BEGIN Supplied data
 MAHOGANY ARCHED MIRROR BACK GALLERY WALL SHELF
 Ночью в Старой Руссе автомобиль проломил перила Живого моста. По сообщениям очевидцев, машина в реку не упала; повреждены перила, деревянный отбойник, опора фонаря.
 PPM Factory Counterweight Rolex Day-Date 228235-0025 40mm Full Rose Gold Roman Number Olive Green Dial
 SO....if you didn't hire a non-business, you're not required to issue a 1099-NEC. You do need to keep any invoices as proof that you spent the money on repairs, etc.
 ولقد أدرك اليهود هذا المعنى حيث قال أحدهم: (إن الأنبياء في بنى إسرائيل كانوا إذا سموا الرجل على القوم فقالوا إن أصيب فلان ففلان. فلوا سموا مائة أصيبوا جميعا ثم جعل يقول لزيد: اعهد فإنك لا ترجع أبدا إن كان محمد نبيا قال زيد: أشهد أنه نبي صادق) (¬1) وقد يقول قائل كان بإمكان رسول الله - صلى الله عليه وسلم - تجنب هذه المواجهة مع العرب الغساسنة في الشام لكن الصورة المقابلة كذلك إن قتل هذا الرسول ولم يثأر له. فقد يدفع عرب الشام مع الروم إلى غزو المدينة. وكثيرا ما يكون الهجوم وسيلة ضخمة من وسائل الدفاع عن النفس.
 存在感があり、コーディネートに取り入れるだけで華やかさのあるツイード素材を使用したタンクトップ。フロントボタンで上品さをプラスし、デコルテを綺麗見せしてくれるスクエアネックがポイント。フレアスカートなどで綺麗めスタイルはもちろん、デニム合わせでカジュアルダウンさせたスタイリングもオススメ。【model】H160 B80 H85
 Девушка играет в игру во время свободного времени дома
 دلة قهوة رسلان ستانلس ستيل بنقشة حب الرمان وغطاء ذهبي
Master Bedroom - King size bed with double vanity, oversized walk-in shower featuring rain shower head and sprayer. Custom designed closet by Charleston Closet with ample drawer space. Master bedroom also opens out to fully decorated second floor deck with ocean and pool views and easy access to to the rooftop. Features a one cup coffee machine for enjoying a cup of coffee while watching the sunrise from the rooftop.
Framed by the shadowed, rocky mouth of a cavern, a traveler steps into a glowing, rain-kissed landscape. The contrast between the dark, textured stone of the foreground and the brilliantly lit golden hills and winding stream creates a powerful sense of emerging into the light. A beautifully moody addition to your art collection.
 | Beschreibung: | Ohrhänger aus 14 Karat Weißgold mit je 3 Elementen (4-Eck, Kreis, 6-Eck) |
END Supplied data
* Task instructions: Looking at the records above, return exactly the lines from the line with "SO....if you didn't" to the line with "Master Bedroom - King", both ends included.

* Task result:
 SO....if you didn't hire a non-business, you're not required to issue a 1099-NEC. You do need to keep any invoices as proof that you spent the money on repairs, etc.
 ولقد أدرك اليهود هذا المعنى حيث قال أحدهم: (إن الأنبياء في بنى إسرائيل كانوا إذا سموا الرجل على القوم فقالوا إن أصيب فلان ففلان. فلوا سموا مائة أصيبوا جميعا ثم جعل يقول لزيد: اعهد فإنك لا ترجع أبدا إن كان محمد نبيا قال زيد: أشهد أنه نبي صادق) (¬1) وقد يقول قائل كان بإمكان رسول الله - صلى الله عليه وسلم - تجنب هذه المواجهة مع العرب الغساسنة في الشام لكن الصورة المقابلة كذلك إن قتل هذا الرسول ولم يثأر له. فقد يدفع عرب الشام مع الروم إلى غزو المدينة. وكثيرا ما يكون الهجوم وسيلة ضخمة من وسائل الدفاع عن النفس.
 存在感があり、コーディネートに取り入れるだけで華やかさのあるツイード素材を使用したタンクトップ。フロントボタンで上品さをプラスし、デコルテを綺麗見せしてくれるスクエアネックがポイント。フレアスカートなどで綺麗めスタイルはもちろん、デニム合わせでカジュアルダウンさせたスタイリングもオススメ。【model】H160 B80 H85
 Девушка играет в игру во время свободного времени дома
 دلة قهوة رسلان ستانلس ستيل بنقشة حب الرمان وغطاء ذهبي
Master Bedroom - King size bed with double vanity, oversized walk-in shower featuring rain shower head and sprayer. Custom designed closet by Charleston Closet with ample drawer space. Master bedroom also opens out to fully decorated second floor deck with ocean and pool views and easy access to to the rooftop. Features a one cup coffee machine for enjoying a cup of coffee while watching the sunrise from the rooftop.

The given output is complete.